Ashley, Dave, Russ, Al, and I played our “Jamericana” music at two venues this
weekend. The first, on Friday night, was in Bristol, TN at a place called Machiavelli’s. Most of you will recall that Machiavelli was the Italian writer and philosopher who wrote "The Prince", which detailed certain methods to be used in wielding political power. Primary among his beliefs were the fact that political leaders (The Prince during his time) must be willing to act immorally... This included the use of lies, pretense, and brutality.
It would seem that many of today’s corporate and political leaders have read, digested, ingested, and accepted Machiavelli’s premise nearly 500 years after his death. Observing this fact gives rise to certain feelings, and since artists are in the business of observing the world around them, they naturally express these feelings in whatever artistic form they are engaged in. They “channel the news” so to speak, and for those who like to “tune in”, art can be a very satisfying, informative, enraging, awakening, derailing, and heart warming way to turn on and light up the inner mounting flame.
But frustration about power and politics are only the initiatory aspects of expressing oneself, which brings me to our performances on Friday and Saturday night. Bristol happens to be about a five hour drive from the Nashville area,
and given the fact that Bristol (near the Virginia border) is in the Eastern time zone, we had to leave around 2pm to be at Machiavelli’s in time to set up and play at 9pm EST. But we were happy to find that in spite of the reputation
of its namesake, Machiavelli’s was a really nice place to make music, and we even got some airplay on the local radio station during the preceding week.
With our equipment set up in the cozy atmosphere, we set off to see where the music would take us. Speaking for myself, I had a lot of worldly issues on my mind that I felt needed to be expressed, as I mentioned to Ashley on one of our
stops on the way to Bristol. You might guess - and you’d be correct in doing so - that "hitting" drums is a great way to relieve frustration and disappointment (particularly about powerful forces at work in our society), but as I mentioned
above, that’s only the beginning.....
For me, it turned out to be one big gig over the two nights. We played VERY well on Friday, but just barely began to reach a little further into the depths of the subconscious... But we did release some inner energies and had a great
conversation on the way back to Nashville about books we’d read, movies we’d seen, people we’d loved. And as is often the case with musicians, we drove home throughout the night, arriving in the predawn chill.

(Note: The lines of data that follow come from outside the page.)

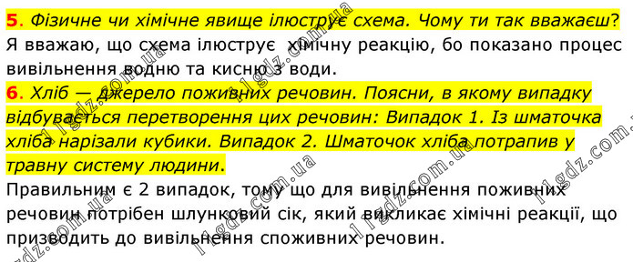 5. Фізичне чи хімічне явище ілюструє схема. Чому ти так вважаєш? Я вважаю, що схема ілюструє хімічну реакцію, бо показано процес вивільнення водню та кисню з води. 6. Хліб — джерело поживних речовин. Поясни, в якому випадку відбувається перетворення цих речовин: Випадок 1. Із шматочка хліба нарізали кубики. Випадок 2. Шматочок хліба потрапив у травну систему людини. Правильним є 2 випадок, тому що для вивільнення поживних речовин потрібен шлунковий сік, який викликає хімічні реакції, що призводить до вивільнення споживних речовин.
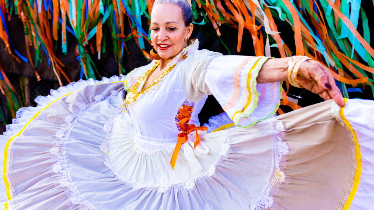 Tetê Alcândida tem 66 anos de vida e mais de 30 anos de trajetória cultural. Nascida em família cigana no município de Novo Brasil (GO), é filha de pai palhaço de Folia de Reis e neta de rezadeira artesã. Chegou em Brasília aos 17 anos, onde consolidou sua carreira atuando como bonequeira, sapateira, brincante, cenógrafa, contadora de histórias e educadora popular. Desde 1990, assina trabalhos de cenografia e figurinos. É também fundadora do Bloco Carnavalesco Mamãe Taguá, mestra da Coletiva Casa Moringa e coordenadora da Ocupação Cultural Batalhão das Artes, em Taguatinga.
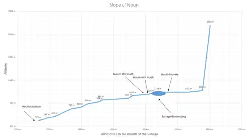 ![]() Einzugsgebiet des Sanaga mit dem Noun und dem Bamendjing-Reservoir (Mitte links) | ||
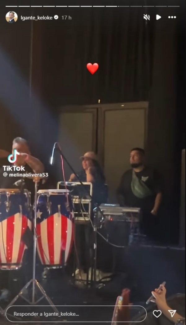 La conductora lucía relajada, con una gorra rosa, un buzo negro y una sonrisa discreta mientras disfrutaba del show. El referente de cumbia 420 añadió un corazón rojo sobre la historia de Instagram.
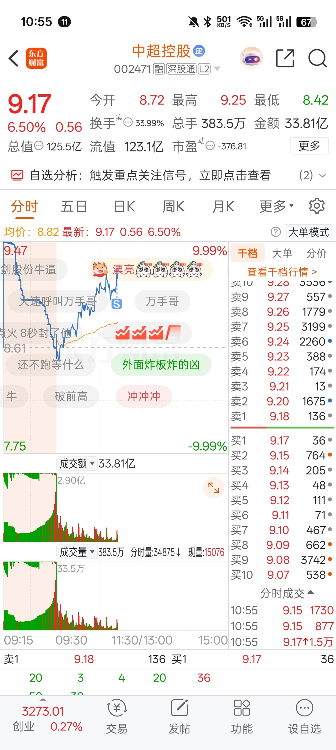 $中超控股(SZ002471)$ 24撤退,留下好运,我是有点怕明天了

Most of us were lucky to get 5 hours of sleep, and I think AL got only 4. All of which made loading and setting up our equipment for the Saturday gig an episode of tired determination. But as I said to Al - just wait till we start
playing.... As soon as we started, it really did seem that we were continuing right where we had left off, and having gotten our world-weary ya ya’s out on the previous night, we were released to explore other realms, thankful for the musical kick start that our “artistic observations” had triggered.
I remember Russ mentioning to Dave on Friday that he’d achieved a certain level of “effortlessness” that comes to musicians when things are really clicking, but then woke up suddenly as if from a dream, which caused him to make a little mistake. I mentioned that the same had happened to me. But that mode - when the music is “making itself”, when the muses are in full gear, is what I live for. It’s the greatest feeling of freedom I’ve ever known. And the muses were truly present on Saturday, awakening the Shaman in us...
This is what I call Balancing on the Edge of Eternity, when we balance between existence and non existence. It’s that time when the music is so happening, and the feeling between us is so warm that all of our defenses drop; we forget who
we are and become one - Sugar Lime Blue. Look for us in a venue near you, because mere words will never describe it.